Introduction
Pressure filtration/expression is a process performed in many operations such as dewatering of sludge in waste water treatment [1], thickening of minerals and oil sands tailings in the mining industry [2, 3] and of coal reuse slurries [4], and expressing biological material in the food and beverage industry, such as sugar beet pulp or oil seeds. This paper deals with pressure filtration/expression in a membrane filter press, in which edible fat crystal aggregates, with a diameter of the order of 100 μm (see Figure 1), are separated from an oil-like mother liquor. Essentially, our pressure filtration consists of the same steps as the flexible‐membrane plate‐and‐frame filter press cycle shown in figure 1 of the paper by Stickland et al. [5]. In the application of current interest, a specific pressure-time profile is imposed with the view of optimizing or improving the filtration process in terms of filtration time and the final solid fat contents of the cake.
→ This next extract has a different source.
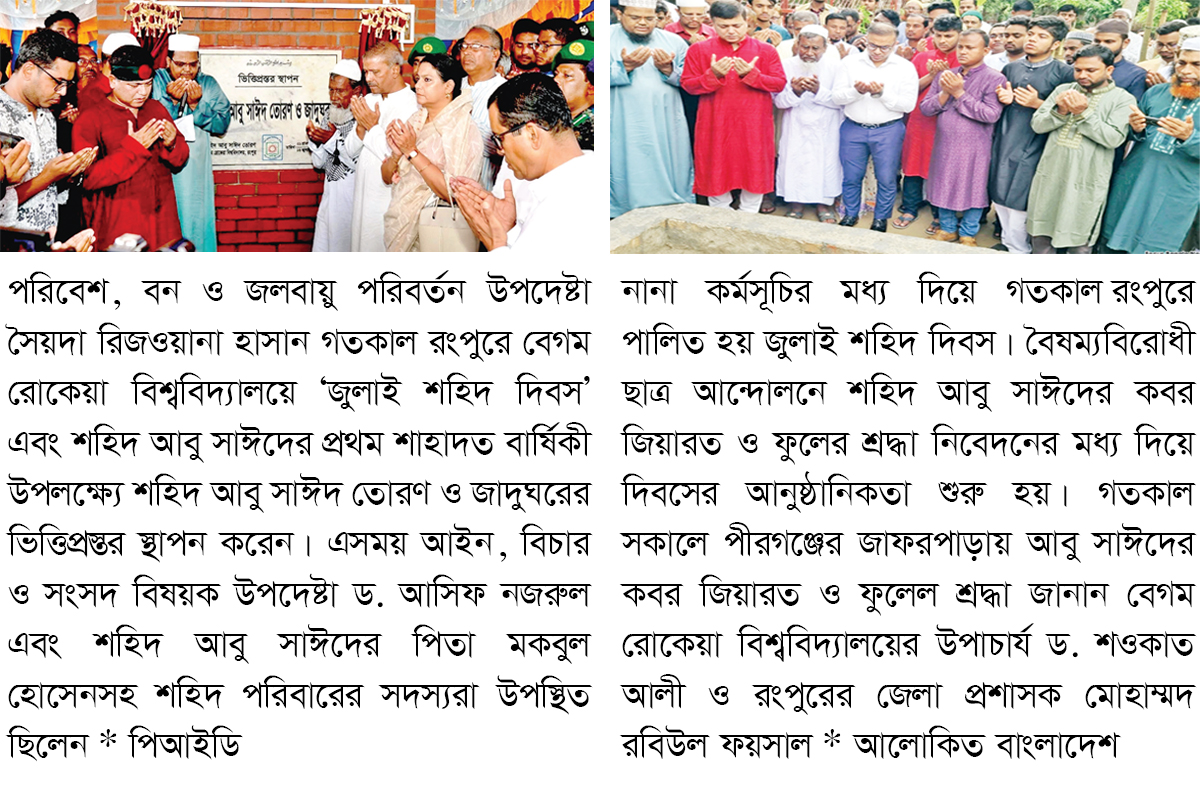 বিনম্র শ্রদ্ধা ও ভালোবাসায় সারা দেশে ‘জুলাই শহিদ দিবস’ পালিত হয়েছে। গত বছর এই দিন (১৬ জুলাই) বৈষম্যবিরোধী ছাত্র আন্দোলনে পুলিশের গুলিতে নিহত বেগম রোকেয়া বিশ্ববিদ্যালয়ের ইংরেজি বিভাগের শিক্ষার্থী আবু সাঈদের স্মরণে এই দিনটিকে রাষ্ট্রীয়ভাবে ‘জুলাই শহিদ দিবস’ ঘোষণা করা হয়। সে হিসেবে গতকাল বুধবার নানা কর্মসূচির মধ্য দিয়ে প্রথমবার দিবসটি পালন করা হয়। দিনের শুরুতে সকাল সাড়ে ৭টায় রংপুরের পীরগঞ্জের মদনখালী ইউনিয়নের জাফরপাড়া বাবনপুর গ্রামে শায়িত শহিদ আবু সাঈদের কবরে ফুল দিয়ে শ্রদ্ধা নিবেদন করা হয়। পরে তার রুহের মাগফিরাত কামনায় দোয়া মোনাজাত করা হয়। শ্রদ্ধা জানাতে উপস্থিত ছিলেন রংপুরের জেলা প্রশাসক মোহাম্মদ রবিউল ফয়সাল, বেগম রোকেয়া বিশ্ববিদ্যালয়ের উপাচার্য ড. শওকাত আলীসহ বিভিন্ন রাজনৈতিক, সামাজিক, সাংস্কৃতিক, পেশাজীবী ও ছাত্র সংগঠনের নেতৃবৃন্দ, বিশ্ববিদ্যালয়ের শিক্ষক ও শিক্ষার্থীরা। এসময় বিশ্ববিদ্যালয়ের উপাচার্য প্রফেসর ড. শওকাত আলী বলেন, আবু সাঈদের আত্মদানের বিষয়টি বিশ্ববিদ্যালয় কোনোদিন ভুলে যাবে না। তার স্মৃতি নিয়ে কাজ করছে তারা। একই সঙ্গে আবু সাঈদ হত্যার বিচার দ্রুত করতে বিশ্ববিদ্যালয় প্রশাসন সর্বদা সক্রিয় ভূমিকা রাখার কথাও জানান তিনি। দোয়া মোনাজাতের সময় কান্নায় ভেঙে পড়েন আবু সাঈদের বাবা মকবুল হোসেন। তিনি দাবি করেন, ছেলে হত্যার বিচার এবং আবু সাঈদের সম্মানার্থে দিবসের স্বীকৃতি। শহিদ আবু সাঈদের প্রথম শাহাদতবার্ষিকী উপলক্ষে বেগম রোকেয়া বিশ্ববিদ্যালয় প্রশাসনের উদ্যোগে দিনব্যাপী নানা কর্মসূচির আয়োজন করা হয়। দিবসটি উপলক্ষে গতকাল বুধবার সকাল সাড়ে ৯টায় বিশ্ববিদ্যালয় ক্যাম্পাসে কালো ব্যাজ ধারণ করে একটি শোক র্যালি অনুষ্ঠিত হয়। সকাল সাড়ে ১০টায় উদ্বোধন করা হয় আবু সাঈদ তোরণ ও মিউজিয়ামের ভিত্তিপ্রস্তর এবং তার নিহত হওয়ার স্থানে ‘আবু সাঈদ চত্বর’ ঘোষণার মাধ্যমে একটি স্মৃতিস্তম্ভ স্থাপনের কাজ শুরু করা হয়। বেলা ১১টায় শুরু হয় আলোচনা সভা। এতে অংশ নেন অন্তর্বর্তী সরকারের আইন, বিচার ও সংসদবিষয়ক এবং প্রবাসী কল্যাণ ও বৈদেশিক কর্মসংস্থান মন্ত্রণালয়ের উপদেষ্টা প্রফেসর ড. আসিফ নজরুল এবং পানিসম্পদ ও পরিবেশ, বন ও জলবায়ু পরিবর্তন মন্ত্রণালয়ের উপদেষ্টা সৈয়দা রিজওয়ানা হাসান। বিকাল সাড়ে ৩টায় চিত্রাঙ্কন প্রতিযোগিতা এবং বাদ আসর বিশ্ববিদ্যালয়ের কেন্দ্রীয় মসজিদে মিলাদ ও দোয়া মাহফিল অনুষ্ঠিত হয়।

In a somewhat simplified version of this filtration process, a cake is compressed one-sided to force the liquid through a filter cloth at the other side. At the start of this pressure assisted filtration process, the cake consists of loosely packed porous crystal aggregates containing oil while surrounded by a continuous oil phase (see Figure 2). When the pressure is increased, the cake with the aggregates is compressed to force the oil out of the aggregates and to flow, along with the oil surrounding the aggregates, through the consolidating cake towards the filter cloth at the other end. This paper describes a novel model for describing this 1-D expression process in terms of temporally and spatially resolved porosities of aggregates and cake, resulting in a time-dependent oil flux through the cloth out of the cake.